The few times the Pistons seemed to get good shots against Cleveland came either out of guards (usually Brandon Knight) pushing the ball or on broken possessions when a loose ball got batted around and found an open man. Matt Moore at Hardwood Paroxysm makes the case that forcing things should be a fixture of the offense:

The Pistons are still trying to figure out who they are, but the problem is that they may find out they are someone they don’t want to be, and will still be that because it’s better than being nothing. They need to force the issue in being a young team. Monroe stole the ball on a nice play Wednesday night, and as he outlet the ball to Gordon and ran the lane for the give and go… Gordon re-set the offense. You’ve got to force the issue with this team because you don’t get many chances. And to do that you have to have players too young to know better.


  • Dec 29, 201112:27 pm
    by brgulker


    To me, this simply underscores the identity crisis this team has. It’s hard to play at a fast pace when key fixtures of the rotation animatedly refuse to do so.

    • Dec 29, 20112:41 pm
      by Patrick Hayes


      Yep. Exactly. And the sad/frustrating part is, someone like Prince, for example, is actually pretty capable of running the floor, finishing and sometimes even leading a break if he wants to. He just rarely ever does those things anymore.

  • Dec 29, 201112:30 pm
    by Al


    Why are the Pistons forcing us to watch and hear about other drafted rookies starting and having an immediate impact to their teams and we bench ours and make them come in when the score is already if not almost a 10pt deficit?
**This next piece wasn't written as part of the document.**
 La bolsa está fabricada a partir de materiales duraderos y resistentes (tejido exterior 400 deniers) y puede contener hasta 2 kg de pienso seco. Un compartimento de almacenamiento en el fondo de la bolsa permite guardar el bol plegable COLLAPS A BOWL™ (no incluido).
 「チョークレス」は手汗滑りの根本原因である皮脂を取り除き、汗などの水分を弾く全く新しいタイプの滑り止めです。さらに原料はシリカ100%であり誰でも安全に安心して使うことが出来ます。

We have talent but we sit’em because??? How long will they need to see aPG with potential come off the bench and score more effective than the startes and bring more energy than the starters??!!! Talk about frustrating!! I watched all the games (Pre and the 2 losses) and its clear who needs to start at PG and why not groom him now rather than next year SMF’nH…

  • Dec 29, 201112:47 pm
    by Levi Thieman



  • Dec 29, 20111:26 pm
    by flip


    Interestin because I think a root of many of their problems is because they’re playing too fast.
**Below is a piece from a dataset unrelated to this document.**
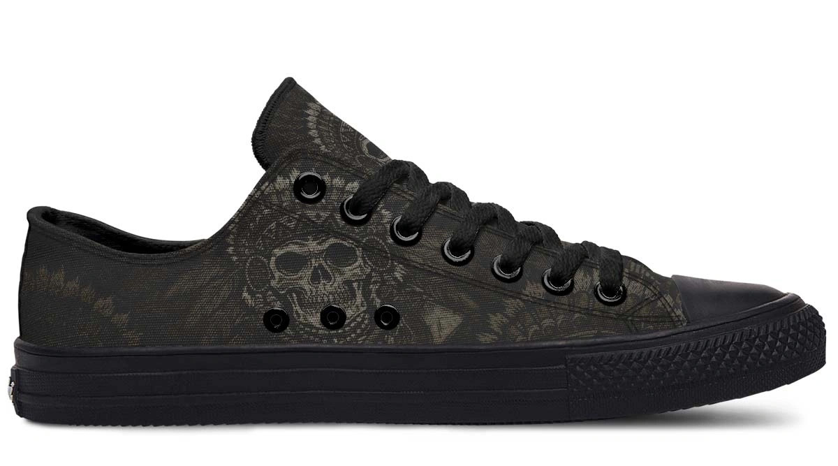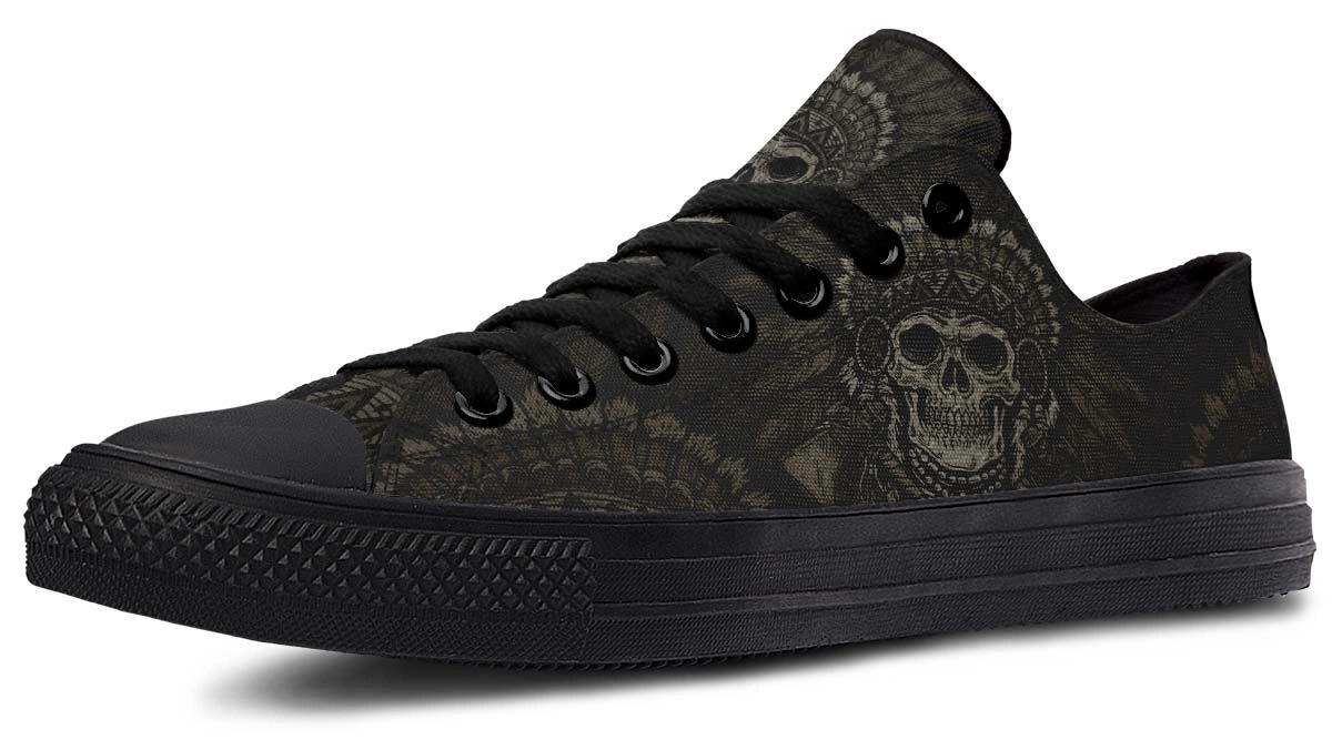 Elevate your street style with these Native American skull art low top sneakers. Combining traditional cultural motifs with a modern edgy aesthetic, these sneakers feature a bold skull design that stands out from the crowd. Built for both comfort and durability, they offer a snug fit and breathable feel for long hours of wear. Perfect for fashion-forward individuals looking to add a unique flair to their footwear collection. Keywords: tribal skull shoes, urban art sneakers, native inspired footwear, stylish low tops.

    Its causing unforced turnovers on offense, and on defense they are running back/forth so much, it always leaves them out of position.
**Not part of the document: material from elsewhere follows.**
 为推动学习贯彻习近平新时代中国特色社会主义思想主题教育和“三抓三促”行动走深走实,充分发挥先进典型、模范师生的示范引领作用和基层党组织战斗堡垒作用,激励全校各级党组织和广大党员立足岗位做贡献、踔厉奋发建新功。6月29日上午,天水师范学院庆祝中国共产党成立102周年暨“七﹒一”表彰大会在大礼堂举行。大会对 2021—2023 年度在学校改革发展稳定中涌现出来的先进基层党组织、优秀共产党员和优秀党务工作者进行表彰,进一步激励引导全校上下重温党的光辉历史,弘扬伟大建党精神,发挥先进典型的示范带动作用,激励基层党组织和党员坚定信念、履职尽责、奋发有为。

    A lot of times, I see they have a perfect defense set with all 5 guys in the right position, late in the clock. If they just held still they’d come up with a stop, and be in perfect position for the rebound. But instead they all start scrambling for no reason, either give up a layup, or wind up out of position for the rebound.

    I think Frank has them playing too fast, too soon. Eventually you want them to play at that speed, but only when they are exp enough to do it without making mistakes every other play. They need to start slow and build up to that speed over the season as they get more exp. He’s expecting them to play at the same level/speed as the Celtics last year and they just aren’t there yet.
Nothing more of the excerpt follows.